The answer should consist of the records below, repeated exactly, and no pictures.

Stored records:
━━━━━━━━━━━━━━━━━━━━
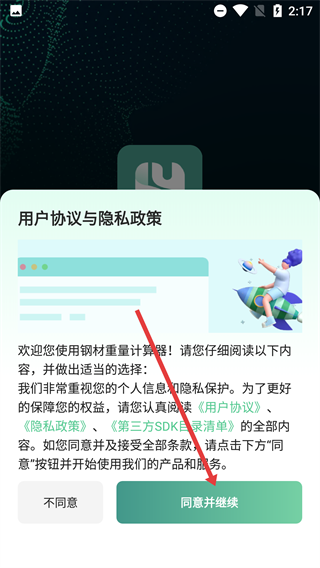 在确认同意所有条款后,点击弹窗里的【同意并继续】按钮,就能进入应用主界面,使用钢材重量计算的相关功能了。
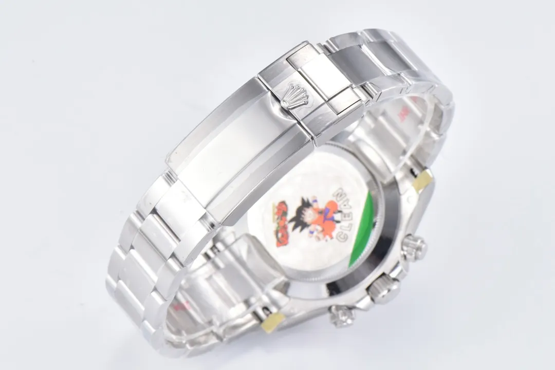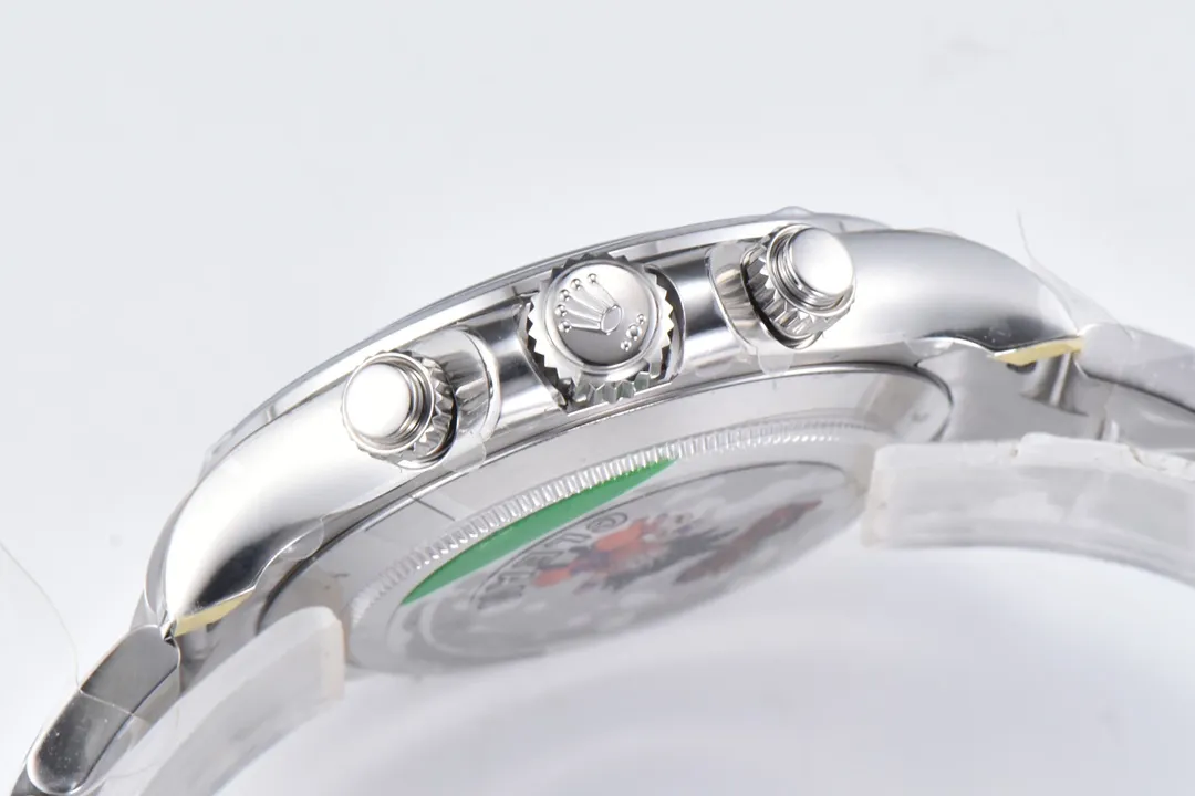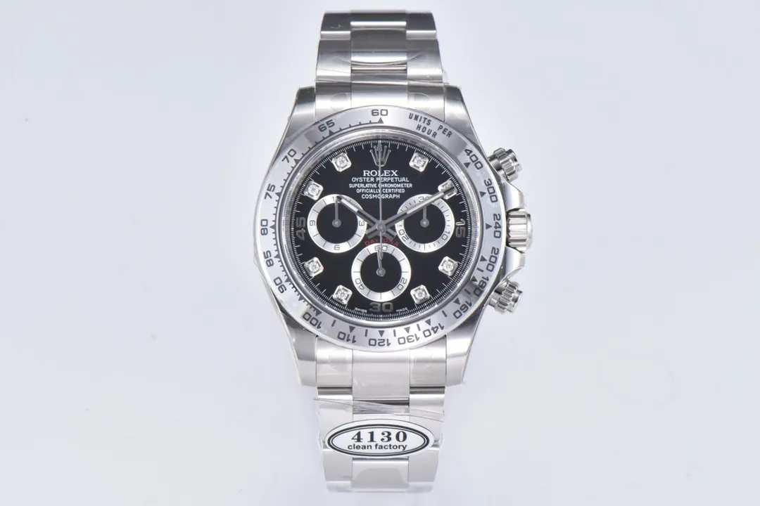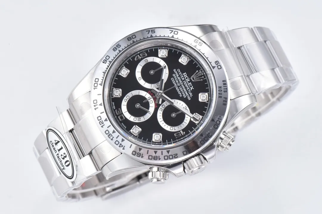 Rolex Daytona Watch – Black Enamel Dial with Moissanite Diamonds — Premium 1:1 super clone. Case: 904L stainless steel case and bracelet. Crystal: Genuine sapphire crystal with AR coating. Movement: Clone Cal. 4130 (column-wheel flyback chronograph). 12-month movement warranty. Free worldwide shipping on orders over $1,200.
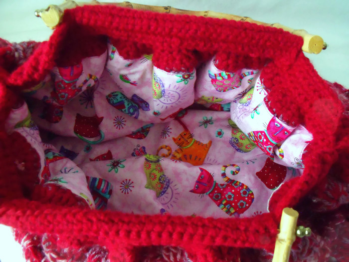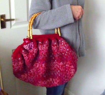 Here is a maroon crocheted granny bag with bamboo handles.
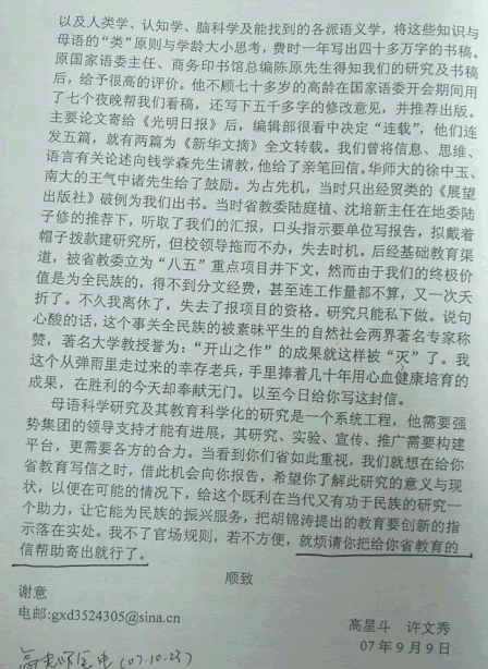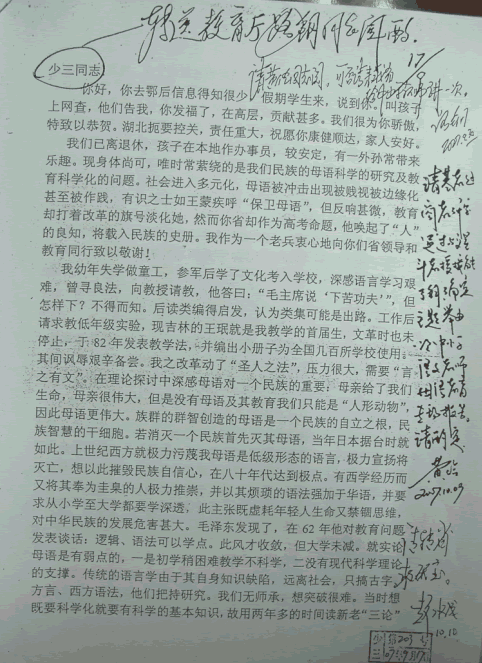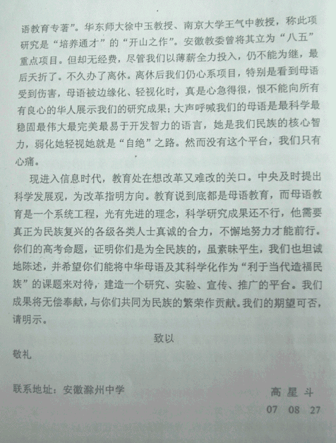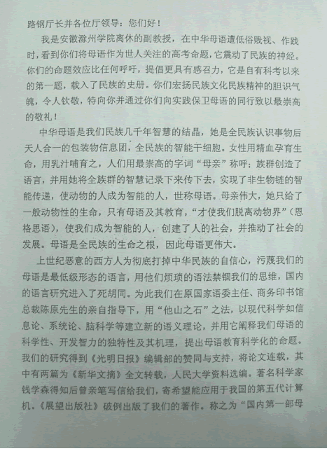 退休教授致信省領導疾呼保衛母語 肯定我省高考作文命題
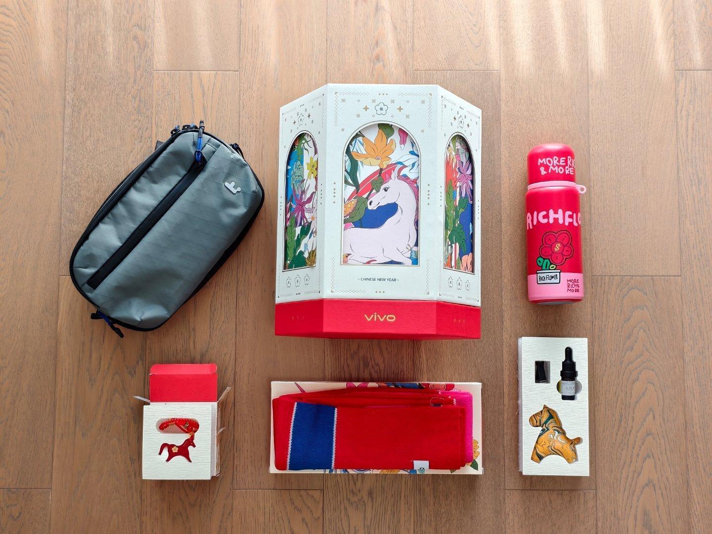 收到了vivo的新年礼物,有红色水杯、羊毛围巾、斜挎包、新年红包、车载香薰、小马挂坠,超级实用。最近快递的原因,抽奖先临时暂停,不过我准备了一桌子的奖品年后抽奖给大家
━━━━━━━━━━━━━━━━━━━━
Answer:
 在确认同意所有条款后,点击弹窗里的【同意并继续】按钮,就能进入应用主界面,使用钢材重量计算的相关功能了。
 Rolex Daytona Watch – Black Enamel Dial with Moissanite Diamonds — Premium 1:1 super clone. Case: 904L stainless steel case and bracelet. Crystal: Genuine sapphire crystal with AR coating. Movement: Clone Cal. 4130 (column-wheel flyback chronograph). 12-month movement warranty. Free worldwide shipping on orders over $1,200.
 Here is a maroon crocheted granny bag with bamboo handles.
 退休教授致信省領導疾呼保衛母語 肯定我省高考作文命題
 收到了vivo的新年礼物,有红色水杯、羊毛围巾、斜挎包、新年红包、车载香薰、小马挂坠,超级实用。最近快递的原因,抽奖先临时暂停,不过我准备了一桌子的奖品年后抽奖给大家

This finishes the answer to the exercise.